Bacteria are microscopic, single-celled organisms found in diverse environments. Many move independently, often using a sophisticated biological machine known as the bacterial flagellar motor. This motor represents a remarkable feat of nanoscale engineering, showcasing complexity and efficiency in its design and operation. It allows bacteria to navigate their surroundings, making it a fundamental mechanism for locomotion. The flagellar motor is a self-assembling complex, typically around 45 nanometers in diameter, constructed from approximately 20 different proteins.
The Motor’s Architecture
The bacterial flagellar motor is embedded within the bacterial cell envelope and consists of several distinct structural components. At its core is the rotor, which includes the MS-ring and the C-ring, acting as the base for the motor’s assembly. The MS-ring (FliF protein) is a transmembrane complex, while the C-ring (composed of FliG, FliM, and FliN proteins) attaches to the MS-ring’s cytoplasmic face and is involved in controlling rotation.
The stator units, which are the force generators, surround the rotor and are embedded in the cytoplasmic membrane. In bacteria like E. coli and Salmonella, each stator unit is typically formed by two MotB subunits and four or five MotA subunits. These stator units act as stationary components, providing the necessary anchoring and force generation for rotation. The MotB subunit contains a domain that binds to the peptidoglycan layer, anchoring the stator to the cell wall.
Extending from the rotor is the rod, which serves as a central drive shaft, connecting the MS-ring to the hook. The L-ring and P-ring are also part of this axial structure, acting as bushings or bearings in the outer membrane and peptidoglycan layer, respectively, to allow the rod to rotate smoothly. Finally, the hook, a flexible universal joint, connects the rod to the external helical filament. The long, helical filament, which can extend several micrometers beyond the cell surface, functions as the propeller.
Powering Bacterial Movement
The bacterial flagellar motor generates rotational force by harnessing the flow of ions across the cell membrane. This process relies on a transmembrane electrochemical gradient of ions, primarily protons (H+) or, in some species like Vibrio, sodium ions (Na+), known as the proton-motive force (PMF) or sodium-motive force (SMF). The stator units, composed of MotA and MotB proteins, function as ion channels.
As ions flow through the MotB channels, they interact with the stator and rotor components. A conserved aspartic acid residue (Asp32 in E. coli) within the transmembrane segment of MotB is thought to be the proton-binding site. The binding and dissociation of these ions are believed to trigger conformational changes in the cytoplasmic domain of MotA, which then interact with the FliG protein on the C-ring of the rotor. These interactions generate power strokes, causing the rotor to spin.
The rotation of the rotor is then transmitted through the rod and the flexible hook to the external helical filament, causing the filament to rotate like a propeller. The flagellar motor can rotate at remarkable speeds, reaching up to 50,000 RPM in some cases. The direction of flagellar rotation is precisely controlled by the chemosensory system, which enables bacteria to switch between clockwise (CW) and counter-clockwise (CCW) rotation almost instantaneously.
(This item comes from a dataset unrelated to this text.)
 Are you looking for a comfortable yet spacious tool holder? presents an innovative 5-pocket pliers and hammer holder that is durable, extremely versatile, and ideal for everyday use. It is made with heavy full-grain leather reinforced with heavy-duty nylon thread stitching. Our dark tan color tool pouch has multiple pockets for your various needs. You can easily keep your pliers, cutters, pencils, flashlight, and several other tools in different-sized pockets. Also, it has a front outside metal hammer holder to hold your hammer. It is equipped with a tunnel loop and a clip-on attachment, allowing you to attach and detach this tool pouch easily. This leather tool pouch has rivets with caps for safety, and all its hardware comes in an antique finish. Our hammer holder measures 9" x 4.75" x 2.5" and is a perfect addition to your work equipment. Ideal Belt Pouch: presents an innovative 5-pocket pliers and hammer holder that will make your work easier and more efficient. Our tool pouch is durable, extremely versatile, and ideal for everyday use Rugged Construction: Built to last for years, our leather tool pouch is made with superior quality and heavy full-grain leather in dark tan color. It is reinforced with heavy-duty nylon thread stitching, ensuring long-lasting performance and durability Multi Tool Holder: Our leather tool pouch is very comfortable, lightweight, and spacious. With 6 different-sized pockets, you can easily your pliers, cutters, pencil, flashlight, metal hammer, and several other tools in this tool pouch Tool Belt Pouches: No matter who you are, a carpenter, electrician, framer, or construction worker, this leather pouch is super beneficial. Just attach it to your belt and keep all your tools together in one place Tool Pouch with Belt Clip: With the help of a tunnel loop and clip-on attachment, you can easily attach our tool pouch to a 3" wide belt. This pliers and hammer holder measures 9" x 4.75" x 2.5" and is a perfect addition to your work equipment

In bacteria like E. coli and Salmonella, counter-clockwise rotation causes the flagella to form a bundled propeller, propelling the bacterium forward in a “run”. When the flagella rotate clockwise, the bundle disassociates, causing the bacterium to “tumble” and randomly reorient itself. This ability to switch between runs and tumbles allows bacteria to change direction and navigate their environment effectively.
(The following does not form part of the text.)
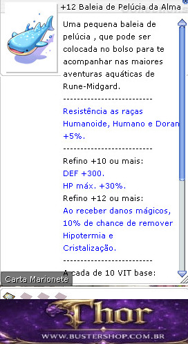 Uma pequena baleia de pelúcia , que pode ser colocada no bolso para te acompanhar nas maiores aventuras aquáticas de Rune-Midgard. -------------------------- Resistência as raças Humanoide, Humano e Doram +5%. -------------------------- Refino +10 ou mais: DEF +300. HP máx. +30%. Refino +12 ou mais: Ao receber danos mágicos, 10% de chance de remover Hipotermia e Cristalização. -------------------------- A cada de 10 VIT base: Resistência a propriedade Água +7%. -------------------------- A cada refino: Resistência a propriedade Fantasma +3%. -------------------------- Tipo: Capa DEF: 0 DEFM: 0 Peso: 40 Nível necessário: 100 Classes: Todas

Why the Flagellar Motor is Important
The bacterial flagellar motor plays a profound role in bacterial survival and adaptation within diverse environments. This motor allows bacteria to exhibit chemotaxis, the ability to move towards beneficial attractants, such as nutrients, and away from harmful repellents or toxins. This directed movement is a sophisticated strategy for efficient nutrient acquisition and locating optimal niches for growth, especially in carbon-poor conditions.
Beyond environmental navigation, flagellar motility is often a significant factor in bacterial virulence and pathogenicity. For many bacterial pathogens, the ability to move is necessary for them to effectively infect host organisms and colonize tissues. For instance, motility can be particularly important for bacteria residing in the gastrointestinal tract or for those needing to invade host cells. Disrupting flagellar function can reduce the ability of certain bacteria to cause disease.
Understanding the intricate mechanics of this nanoscale motor also has broader implications for scientific research and technological innovation. The bacterial flagellar motor serves as a powerful model system for studying molecular machines and inspires fields like nanotechnology, for designing and building artificial nanomachines. Insights into the flagellar motor’s structure and function are contributing to the development of new antimicrobial strategies. By targeting the flagellar motor or the chemotaxis signaling pathway, scientists are exploring novel ways to combat bacterial infections, by interfering with bacterial movement and colonization, rather than directly killing them.